Собеседник молчал, и Исилдур испуганно вскинул взор, боясь не увидеть его перед собой. Он был здесь, хоть фигура и стала менее четкой, словно на чернильный рисунок плеснули водой.
- Ты сильнее его,- слов теперь было почти не разобрать,- ты сильнее, брат мой.
Рука короля опустилась, и Кольцо на столе совсем померкло.

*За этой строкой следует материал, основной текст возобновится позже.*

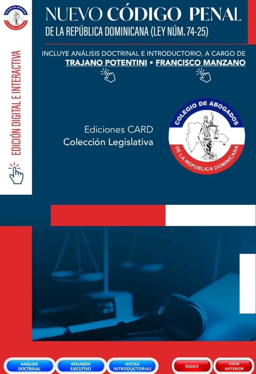 Santo Domingo, República Dominicana -20 de agosto de 2025. En un esfuerzo por fortalecer el acceso al conocimiento jurídico y fomentar una cultura de legalidad en el país, el Colegio de Abogados de la República Dominicana (CARD) anunció la puesta en circulación de una versión digital e interactiva del nuevo Código Penal dominicano, enriquecida con notas doctrinales explicativas a cargo de los reconocidos juristas Trajano Vidal Potentini y Francisco Antonio Manzano Rodríguez.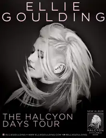 On 13 September 2012, it was announced that Goulding would embark on a nine-date tour across the United Kingdom.[1] The tour's official name, The Halcyon Days Tour, was unveiled on 22 October 2012, along with North American dates, which will kick off in Miami Beach on 16 January 2013. "I'm so excited to start touring my new album Halcyon properly. I'm incredibly proud of this record and the reaction has been over-whelming. Touring and playing shows is my favorite part of what I do, and I really can't wait to get on the road", Goulding said.[2] Additional European dates followed on 15 November 2012.[3]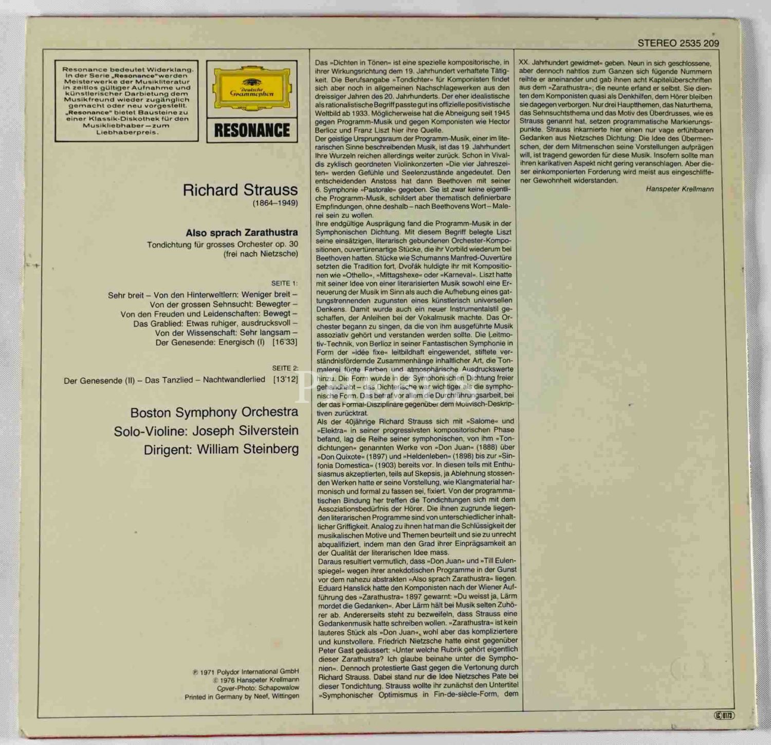 RICHARD STRAUSS / WILLIAM STEINBERG - Also Sprach Zarathustra

- Зачем ты приходишь, Анарион? – Исилдур почти сразу понял, что задал не тот вопрос,- зачем ты ушел?
****
«Милый отец!
Я так рада была узнать, что ты вернулся живым с этой страшной войны. Когда мне сообщили, что тебя вынесли с поля боя раненым и почти бездыханным, я думала, сердце мое разорвется от боли и страха. Но теперь, зная, что ты жив и невредим, я снова могу дышать и радоваться Солнцу и Звездам…»

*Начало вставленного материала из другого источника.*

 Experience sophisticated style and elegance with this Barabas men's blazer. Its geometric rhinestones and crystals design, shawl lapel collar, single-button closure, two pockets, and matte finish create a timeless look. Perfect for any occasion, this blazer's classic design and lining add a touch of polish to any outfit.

Келебриан всегда, вместе с посланием обоим родителям, отправляла маленькую весточку лично ему, своему отцу. Келеборн души не чаял в своей единственной дочери, которая была похожа на него и лицом, и статью, в движениях которой, в манере держаться, князь узнавал самого себя – еще юного и свободного, незнакомого с тяготами мира и ошибками собственного сердца. Он хранил в памяти каждый день, проведенный с ней, с того самого мига, когда Келебриан сделала свой первый вдох, так, словно это были кусочки драгоценной мозаики, из которых – один к одному – можно было собрать всю ее жизнь. Келеборн помнил дочь безоблачно радостной, познающей силу слов, сплетенных в песни. Он помнил, как она тянула его за руки за собой – «Пойдем! Посмотри!» - а потом танцевала для него на светлых лугах, не пригибая легких полевых цветов. Он помнил ее печальной и усталой – когда им приходилось бросать один дом в поисках нового. Келеборн всегда мог утешить ее – Келебриан, очнувшись от страшного сна или проплакавшая всю ночь напролет, затихала в его объятиях, и лишь ему одному могла поведать о своих тревогах, сомнениях и чаяниях.

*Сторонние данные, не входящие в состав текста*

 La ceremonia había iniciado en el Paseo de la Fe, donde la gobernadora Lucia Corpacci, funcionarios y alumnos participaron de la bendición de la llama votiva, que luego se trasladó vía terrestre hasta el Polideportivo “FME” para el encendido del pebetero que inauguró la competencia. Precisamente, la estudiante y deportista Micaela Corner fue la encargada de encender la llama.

Он помнил, как вложил руку дочери в ладонь Элронда Полуэльфа, и как сияли ее глаза, когда Келебриан смотрела на мужа. Сердце Келеборна переполняла радость от осознания того, что он отдавал главное свое сокровище в надежные и любящие руки.
Он помнил, как на последнем совете перед походом союзных войск Келебриан сидела рядом с Элрондом – бледная, почти прозрачная, и Келеборну хотелось вновь утешить ее, сжать в объятиях и слышать, как выравнивается ее дыхание, как мягче начинает биться сердце, а слезы иссякают. Но он знал – теперь она найдет утешение в чужих объятиях, и в этом был справедливый закон бытия.
Но теперь отвечать Келебриан на послания, полные прежней любви, Келеборну стало почти невыносимо. С Артанис они пришли к негласному соглашению, что до поры ставить дочь в известность о том, что случилось, не стоит. Сейчас та была слишком погружена в собственное счастье – ее супруг вернулся с войны невредимым, и теперь, спустя пару месяцев после страшной битвы, их жизнь готова была измениться к лучшему – в благословенном краю все вновь возрождалось к жизни, мир просыпался от тревожного горячечного сна. Весна принесла в Имладрис процветание и новый свет. Келебриан в своем письме родителям делилась новостью, что вскоре ей предстояло стать матерью, и она просила их обоих приехать повидать ее.
«Если ты не приедешь»,- писала она в письме, адресованном Келеборну лично,- «мое сердце будет разбито!»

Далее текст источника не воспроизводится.